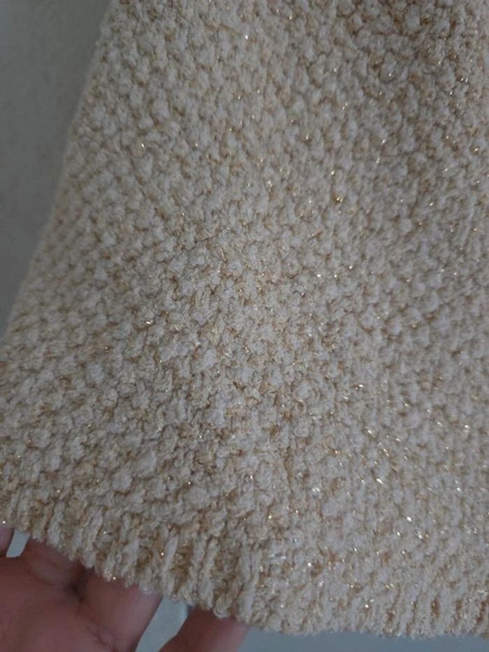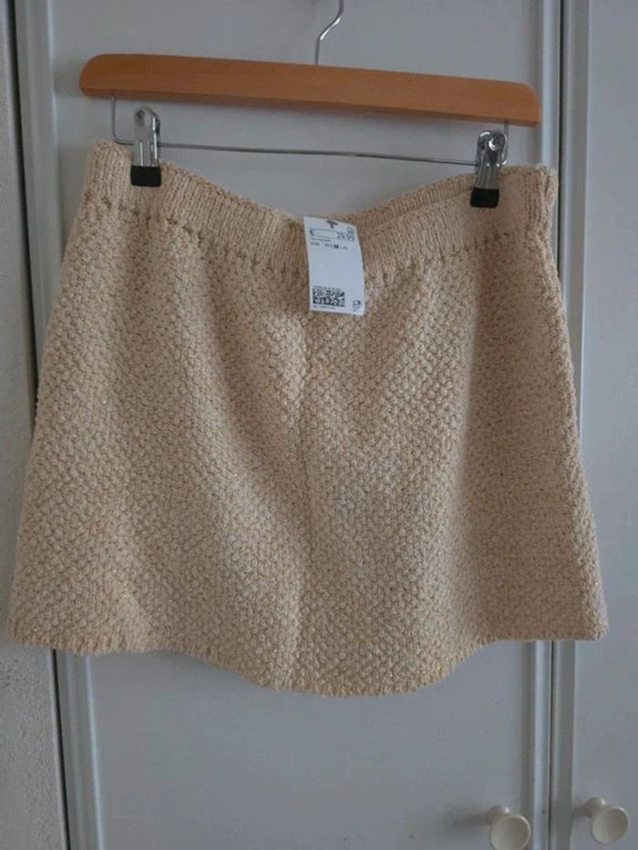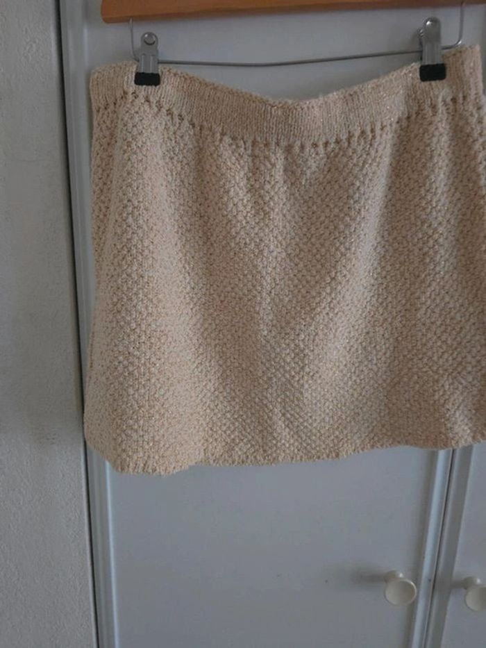 Jupe courte en maille texturée et fils doré avec étiquette taille M n'hésitez pas à consulter mes autres annonces je vide mes placards #jupecourte#jupehm#jupemailletexture#jupefildoré#jupemini#jupebeige#jupehiver#jupequatressaisons
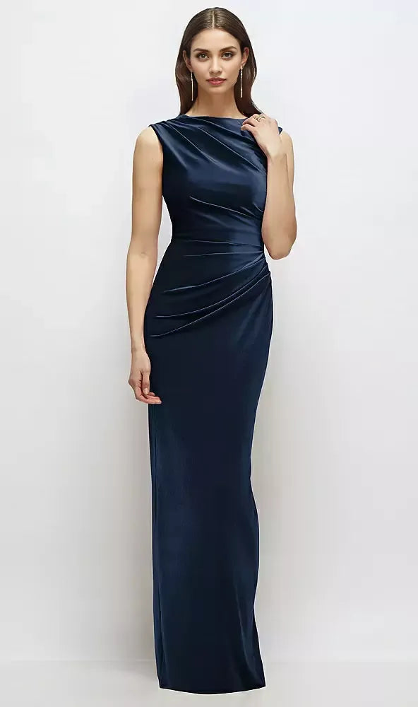 weitese's elegant floor-length mother of the bride dress features a sophisticated column silhouette with a high neckline and sleeveless design, offering a refined and graceful look. Equipped with a discreet zipper closure, it ensures a comfortable and secure fit. Perfect for formal occasions, this dress combines timeless style with modern tailoring to complement and celebrate the special day with understated elegance.
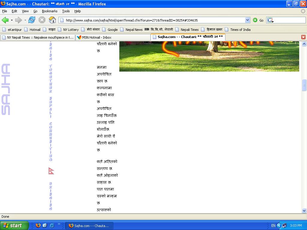 सबै गाम्लेहरूलाई नमस्ते मेरो बल्ल आईयो चौतारीको सेरोफेरो व्यस्तताको दलदलमा थिएँ भास्सिएको चौतारी हेर्न नपाई थिएँ निसास्सिएको सान्नानीलाई धनियाँबाद नयाँ चौतारीको लागि अब एकछिन यैं बस्छु सबै चिन्ता त्यागी जदौ चित्रेको! :)

» **Action item**
Everything in the material must be duplicated exactly, except the pictures.

» **Answer box**
 Jupe courte en maille texturée et fils doré avec étiquette taille M n'hésitez pas à consulter mes autres annonces je vide mes placards #jupecourte#jupehm#jupemailletexture#jupefildoré#jupemini#jupebeige#jupehiver#jupequatressaisons
 weitese's elegant floor-length mother of the bride dress features a sophisticated column silhouette with a high neckline and sleeveless design, offering a refined and graceful look. Equipped with a discreet zipper closure, it ensures a comfortable and secure fit. Perfect for formal occasions, this dress combines timeless style with modern tailoring to complement and celebrate the special day with understated elegance.
 सबै गाम्लेहरूलाई नमस्ते मेरो बल्ल आईयो चौतारीको सेरोफेरो व्यस्तताको दलदलमा थिएँ भास्सिएको चौतारी हेर्न नपाई थिएँ निसास्सिएको सान्नानीलाई धनियाँबाद नयाँ चौतारीको लागि अब एकछिन यैं बस्छु सबै चिन्ता त्यागी जदौ चित्रेको! :)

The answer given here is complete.